Software engineering research problems having worthwhile benefits
Which software engineering research problems are likely to yield good-enough solutions that provide worthwhile benefits to professional software developers?
I can think of two (hopefully there are more):
- what is the lifecycle of software? For instance, the expected time-span of the active use of its various components, and the evolution of its dependency ecosystem,
- a model of the main processes involved in a software development project.
Solving problems requires data, and I think it is practical to collect the data needed to solve these two problems; here is some: application lifetime data, and detailed project data (a lot more is needed).
Once a good-enough solution is available, its practical application needs to provide a worthwhile benefit to the customer (when I was in the optimizing compiler business, I found that many customers were not interested in more compact code unless the executable was at least a 10% smaller; this was the era of computer memory often measured in kilobytes).

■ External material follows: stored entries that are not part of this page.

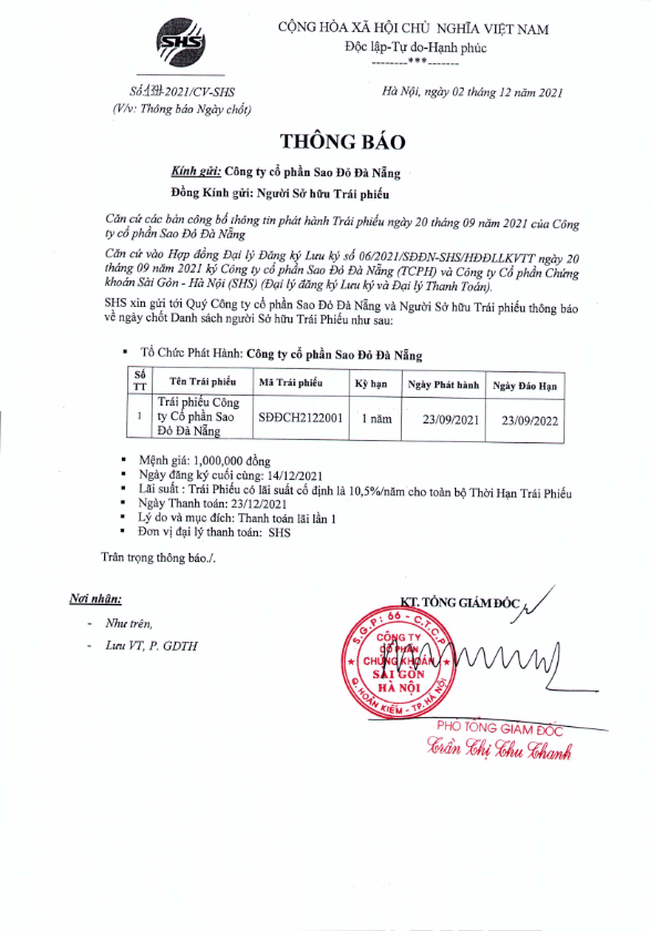 Thông báo v/v chốt danh sách Người sở hữu Trái phiếu để thực hiện Trả lãi CTCP Sao đỏ Đà Nẵng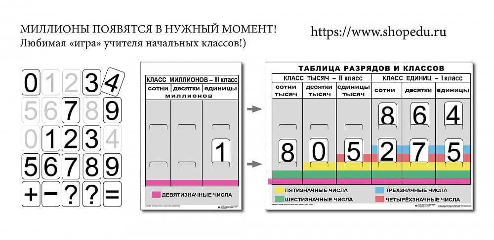 Разряды и классы чисел (I,II,III класс). Комплект иллюстрирует 3 класса (единиц, тысяч и миллионов)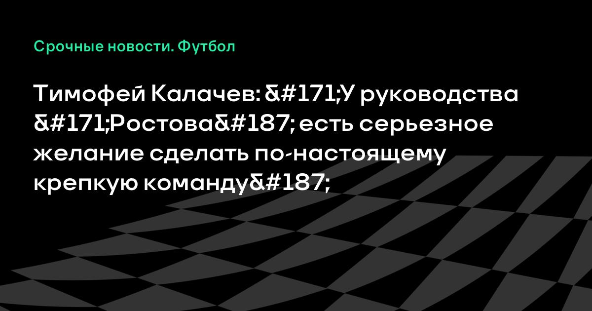 Тимофей Калачев: «У руководства «Ростова» есть серьезное желание сделать по-настоящему крепкую команду»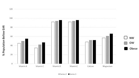 Μάλιστα, σύμφωνα πάντα με την ίδια μελέτη, ο παχύσαρκος, ο υπέρβαρος και ο φυσιολογικός πληθυσμός παρουσιάζουν παρόμοια επίπεδα ανεπάρκειας στην πρόσληψη απαραίτητων θρεπτικών συστατικών, κάτω δηλαδή από την Μέση Εκτιμώμενη Απαίτηση (EAR - Estimated Average Requirements).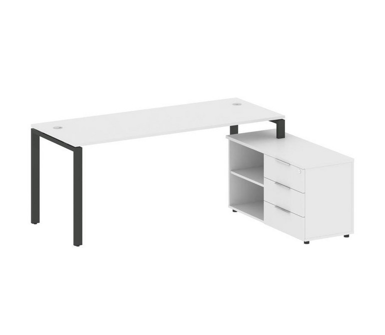 Metal System Рабочая станция с тумбой на П-образном м/к БП.РС-СТС-2.5 (R) Белый/Металл Антрацит 1900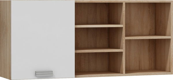 Raft de perete din 3 părți cu dulap pe partea stângă. Ușile sunt pe versiune color lucioasă. La alegere dintre mai multe versiuni color disponibile.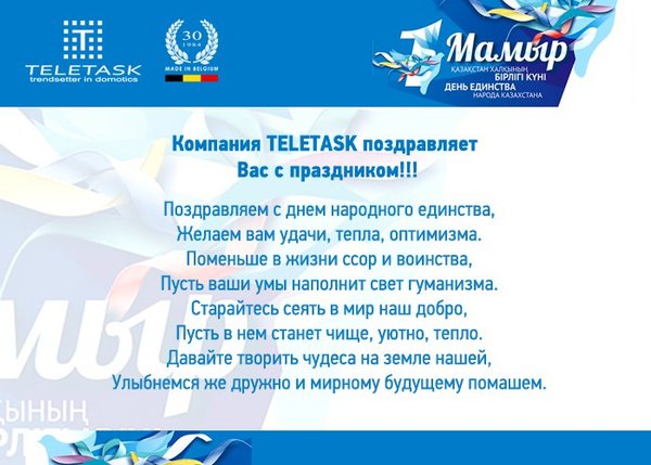 Вся команда TELETASK поздравляет Вас с Днём Независимости Республики Казахстан От чистого сердца желаем Вам процветания в делах, достижения новых успехов, благополучия в Ваших домах и гармонии в семье!

Investment decisions require information about what is likely to happen in the future, and an understanding of common software lifecycles is needed. The fact that most source code has a brief existence (a few years) and is rarely modified by somebody other than the original author, has obvious implications for investment decisions intended to reduce future maintenance costs.
Running a software development project requires an understanding of the processes involved. This knowledge is currently acquired by working on projects managed by people who have successfully done it before. A good-enough model is not going to replace the need for previous experience, some amount of experience is always going to be needed, but it will provide an effective way of understanding what is going on. There are probably lots of different good-enough ways of running a project, and I’m not expecting there to be a one-true-way of optimally running a project.
Perhaps the defining characteristic of the solution to both of these problems is lots of replication data.
Applications are developed in many ecosystems, and there is likely to be variations between the lifecycles that occur in different ecosystems. Researchers tend to focus on Github because it is easily accessible, which is no good when replications from many ecosystems are needed (an analysis of Github source lifetime has been done).
Projects come in various shapes and sizes, and a good-enough model needs to handle all the combinations that regularly occur. Project level data is not really present on Github, so researchers need to get out from behind their computers and visit real companies.
Given the payback time-frame for software engineering research, there are problems which are not cost-effective to attempt to answer. Suggestions for other software engineering problems likely to be worthwhile trying to solve welcome.
> what is the lifecycle of software? For instance, the expected time-span of the active use of its various components, and the evolution of its dependency ecosystem
Oooh. I can see the headline now…
“100% of Russia Roulette players interviewed survived… Risks Exaggerated!”
The trouble with this question is …
* Most software shouldn’t have been written, it didn’t have a viable economic reason to exist.
* Lots of software was so badly written, it died or was surpassed.
* Some software is “Good Enough” to be of value unchanged for decades, but something is seriously wrong because it isn’t upgraded for decades. (eg. splint, graphviz…)
* Some software, hit upon such rich vein of economic value, that no matter how atrociously it was written, no matter how bad the processes or tools used, …. that software and the processes and tools comes to epitomize “Best Practice” for a generation. Because “Look How Rich they Are”.
Facebook is my current best example of this… some of their tools and practices are awful… but when you have that much money and that many warm bodies to throw at your problems… everything looks shiny. Except if you try scale it to a small project.
@John Carter
You are right about the lack of a viable economic reason to exist (I give a great example at the start of the Projects chapter of my Evidence-based software engineering book).
All your other points are also very true.
Following through the logic of your points, we should be teaching students how to minimize their investment in the software they produce (and not teach them that they should write software like it’s going to last forever).
It could be said that many developers already work like this, out of accident, laziness, incompetence, etc, rather than a thoughtful analysis of the factors involved.
graphviv is a great package that I once used to use a lot. Isn’t it the case that the software does what it was designed to do well, and does not need any major changes?
By far most programs I work on, or use have already had over 20 years and going lifespans…
Graphviz is fantastic, but in using it over the years I personally have spotted quite a few gaps, but last time I look none were going to be easy to fill.
Sadly I have seen a lot of companies write software on the basis you describe, which is a self fulfilling prophecy…
It’s an important research problem, but a very very hard question to answer well. Success has many fathers, but failure…
In principle, according to modern best practice, every company does a project retrospective… so it’s just a matter of collecting those.
…in practice, they tend to be “very company confidential / sensitive”.
Partly because every retro I have attended or heard report back on…
* the problems on the project mostly arose from those people not in, or no longer, “in the room”.
* the problems listed had a large overlap with the problems listed in the last retrospective.
* the problems created by those “in the room” usually were not regarded as such by their creators… So unless some vigorous “clearing the air” was in the offing, in the best english manner, the problems were set aside and swept under carpet.
As I often say, to understand software engineering, it probably better to read Frans de Waal than Tom deMarco.